Plasma (100 microliters) was added to 900 μL methanol, then mixed well at 4 °C. Supernatant collected after centrifuge at 3000 rpm was filtered and injected into high-performance liquid chromatography (HPLC, with L-7100 pump and L-7420 UV-VIS detector, Hitachi, Japan) for analysis. Mobile phase contained methanol, deionized water, and glacial acetic acid (80: 17.5: 2.5); C-18, 5-μM, 25-cm column (CA#:581325-U, Ascentis, UK) was used for analysis at 254 nm.

2.10. Plasma and liver vitamin E concentrations

Proper 50 μg/mL DL-α-tocopheryl acetate amounts (internal control, catalog no. T3376, Sigma) and 600 mL hexane (catalog no. 650552, Sigma-Aldrich) added to 200 μL of plasma samples or brain homogenates were mixed well. Superscripts were collected after centrifuge at 10,000 rpm for 10 min, methanol (350 μL) added to reconstitute vacuum-dried samples, 80 microliters of filtrate injected into HPLC (with an L-7100 pump and L-7420 UV-VIS detector, Hitachi) for determination at 290 nm. Analytical mobile phase contained methanol (catalog no. 34860, Sigma-Aldrich, US) and deionized water at 98:2 ratio. A C-18, 5 mM, 250-cm × 4.6-mm column (CA#:581325-U, Ascentis, UK ) was used for separation.

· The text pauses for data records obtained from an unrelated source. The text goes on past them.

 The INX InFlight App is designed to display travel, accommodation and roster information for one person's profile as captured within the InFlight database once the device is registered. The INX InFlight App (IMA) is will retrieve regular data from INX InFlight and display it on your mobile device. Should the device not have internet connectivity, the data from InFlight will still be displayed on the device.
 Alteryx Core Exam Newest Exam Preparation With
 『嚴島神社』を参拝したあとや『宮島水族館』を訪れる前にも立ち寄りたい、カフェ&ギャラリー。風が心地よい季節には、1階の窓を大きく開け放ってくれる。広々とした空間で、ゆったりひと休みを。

2.11. Free fatty acids (FFAs)

This study used an FFA assay kit (catalog no. 700310, Cayman, USA). FFAs in plasma formed acyl CoA after catalyzation by acyl CoA synthetase. Acyl CoA oxidase subsequently oxidized acyl CoA to hydrogen peroxide. Product generated fluorescent resorrufin detectable at excitation 530 nm and emission 585 nm.

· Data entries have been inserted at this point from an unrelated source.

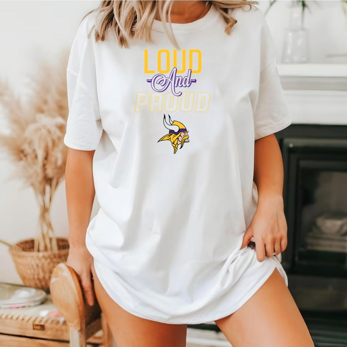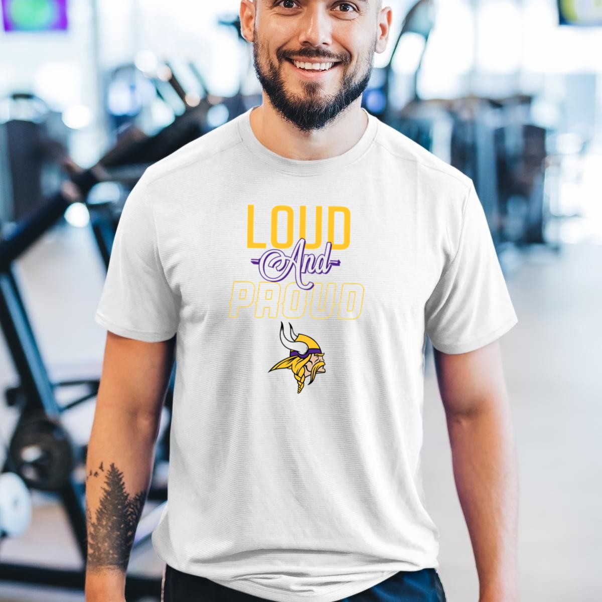 Show your unwavering support for the Minnesota Vikings with our Loud And Proud T-Shirt, perfect for die-hard fans and casual wearers alike. This fan-made design celebrates team spirit and is ideal for game days, themed events, or simply lounging around. Crafted for comfort and style, this tee ensures you stand out while cheering for your favorite team, making it a must-have for any Vikings enthusiast.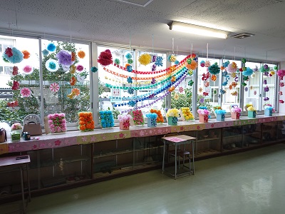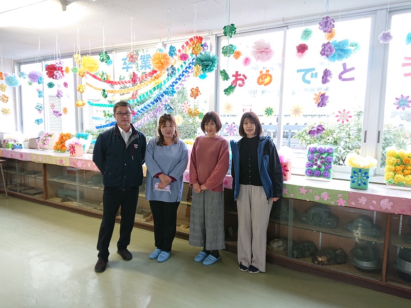 本日、図書ボランティアの方々が卒業に向けた昇降口の飾り付けを行ってくださいました。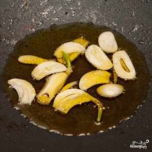 И не теряя времени готовим «изюминку» 🙂 Жарим в оливковом масле чеснок до золотистого цвета и появления характерного аромата в воздухе.

2.12. Superoxide dismutase (SOD)

This study used a SOD assay kit (catalog no. 706002, Cayman). Tetrazolium salt reacts with superoxide and needs SOD to form superoxide; it forms yellow formazan dye at 450 nm. Absorbance represents clearance of superoxide by SOD, expressed as U/mg protein.

2.13. Catalase

Our study used a catalase assay kit (catalog no. 707002, Cayman). As catalase catalyzes hydrogen peroxide to water, remaining hydrogen peroxide reacts with methanol and Purpald (4-amino-3-hydrazino-5-mercapto-1, 2, 4-trizole) to yield purple-colored bicyclic aldehyde. The complex was detected at 540 nm, expressed as μmol/min/mg protein to reflect catalase activity in liver tissues.

2.14. Glutathione reductase (GR)

A GR assay kit (catalog no. 703202, Cayman) was used for analysis. As GR catalyzes oxidized GSSG to reduced form, GSH, colored NADPH forms colorless NADP+ at 340 nm. Decrease in absorbance represents GR activity, value expressed as nmol/min/mg protein.

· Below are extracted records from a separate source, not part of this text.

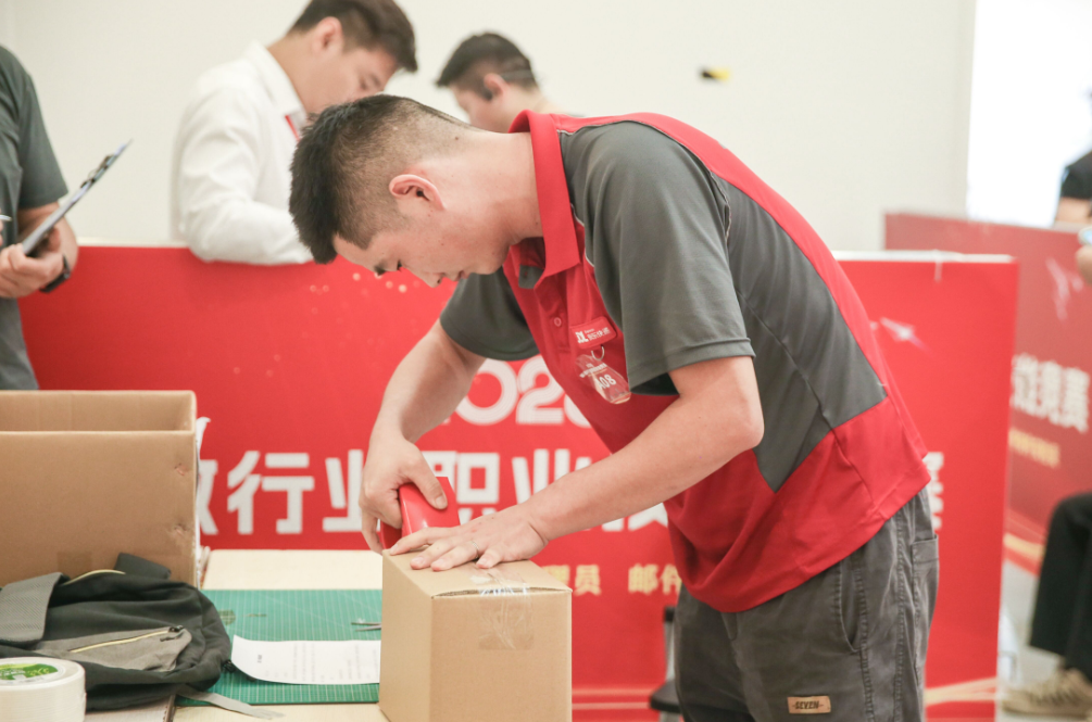 本次大赛涵盖理论知识竞赛和操作技能竞赛。操作技能赛场多项目同步进行,问题件处理项目中,选手快速分类、精准定位;安检判图项目里,参赛选手操作熟练、敏锐识别禁限寄物品;严格依照收寄规范,特殊物品特殊包装,打包后精准称重计费,制作运单并粘贴,高效完成快件寄递全流程,各环节尽显专业与高效。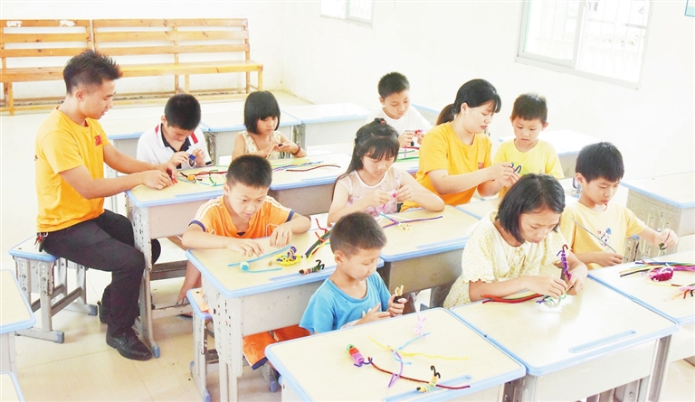 万年县汪家乡新建村上坪小组,有一个家门口暑托班,陈化武、蒋湖、蒋三根3名教师志愿者开设书法、围棋、手工等课程,让村里留守儿童过一个快乐的暑假。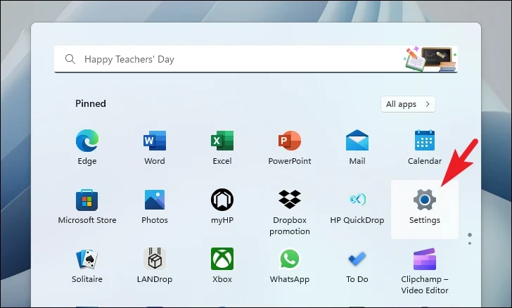 - Open the Start Menu and select 'Settings'.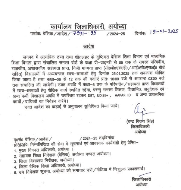 जनपद में अत्यधिक ठण्ड तथा शीतलहर के दृष्टिगत बेसिक शिक्षा विभाग एवं माध्यमिक शिक्षा विभाग द्वारा संचालित समस्त बोर्ड के कक्षा प्री-प्राइमरी से 05 तक के समस्त परिषदीय, राजकीय, अशासकीय सहायता प्राप्त, निजी मान्यता प्राप्त (सी०बी०एस०ई०/ आई०सी०एस०ई० बोर्ड सहित) विद्यालयों में अध्ययनरत छात्र-छात्राओं हेतु दिनांक 25.01.2025 तक अवकाश घोषित किया जाता है तथा कक्षा-06 से 12 तक की कक्षाएं प्रातः 10:00 बजे से अपरान्ह 03:00 बजे तक संचालित की जायेगी। उक्त अवधि में कक्षा 5 तक के परिषदीय / सहायता प्राप्त विद्यालयों में छात्र-छात्राओं हेतु शैक्षिक कार्य स्थगित रहेगा, परन्तु समस्त शिक्षक, शिक्षामित्र, अनुदेशक एवं अन्य कर्मी विद्यालय अवधि में उपस्थित रहकर DBT, UDISE+ AAPAR ID व अन्य प्रशासनिक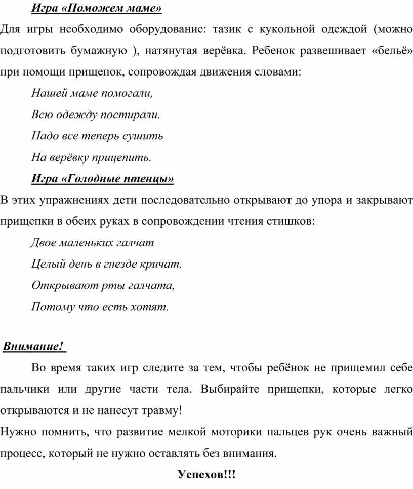 Во время таких игр следите за тем, чтобы ребёнок не прищемил себе пальчики или другие части тела. Выбирайте прищепки, которые легко открываются и не нанесут травму!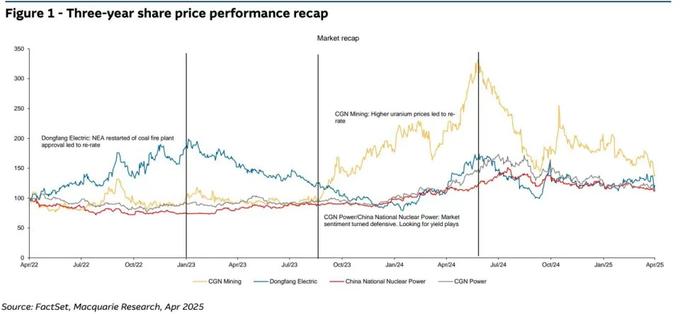 智通财经APP获悉,麦格理发布研报称,可再生能源的快速发展暴露了电网瓶颈。通过核能提升基荷电力、利用煤炭增强灵活性,对中国的能源转型至关重要。该行预计在可预见的未来,由于人工智能的普及和电气化进程,中国的电力需求增长将超过 GDP 增长。该行首次覆盖中国核能行业的四只股票:中国核能电力股份有限公司(买入评级,601985.SH)、东方电气股份有限公司(买入评级,600875.SH/01072)、中广核矿业有限公司(买入评级,01164)、中国广核电力股份有限公司(中性评级,003816.SZ)。

2.15. Glutathione peroxidase (GPx)

A GPx assay kit (catalog no. 703102, Cayman) served for analysis. Basically, reduced glutathione (GSH) in the liver turned into oxidized form whenever GPx catalyzed hydrogen peroxide to water. Decreasing rate of NADPH was measured at 340 nm, whenever oxidized GSSG returned to its reduced form, value expressed as nmol/min/mg protein.

2.16. Plasma level of interleukin (IL)-6

A rat IL-6 Platinum ELISA kit (catalog no. BMS625TWO, BenderMedsystem, Austria) served for analysis. Tissue homogenates were applied to a 96-well plate pre-coated with a rat IL-6 antibody. Biotinylated conjugates and streptavidin-HRP were added to bind the first antibody. Finally, tetramethyl-benzidine was applied to form a purple-colored complex, the absorbance read at OD of 450 nm.

2.17. Tumor necrosis factor (TNF)-α

Our study used a rat TNF-α ELISA kit (catalog no. ERT2010-1, ASSAYPRO, USA). Briefly, plasma sample was added to a 96-well plate pre-coated with a biotinylated antibody. TNF-α protein of a sample was detected at O.D. 450 nm after adding streptavidin-peroxidase conjugate and peroxidase enzyme substrate.

2.18. CYP 4A protein expression

A gram of liver tissue homogenized in 4 mL 0.01 M phosphate buffer was centrifuged (3000 rpm) for 15 min. Supernatant was aspirated and centrifuged (at 10,000 ×g for 30 min and 32,000 ×g for 60 min) to acquire liver microsomes. After adjusting protein content, sample underwent electrophoresis: proteins of separation gel transferred to polyvinylidene difluoride membranes incubated with CP 4A monoclonal antibody, second antibody added with color-presenting agent to assess a group’s protein amount. Extent of CYP 4A protein expression on membrane was rated by Image Gauge software (Ver.4.01, Science Lab 2001, Fujifilm, Japan).

Table 2 Growth, food intake, and liver weight of animals during the experiment.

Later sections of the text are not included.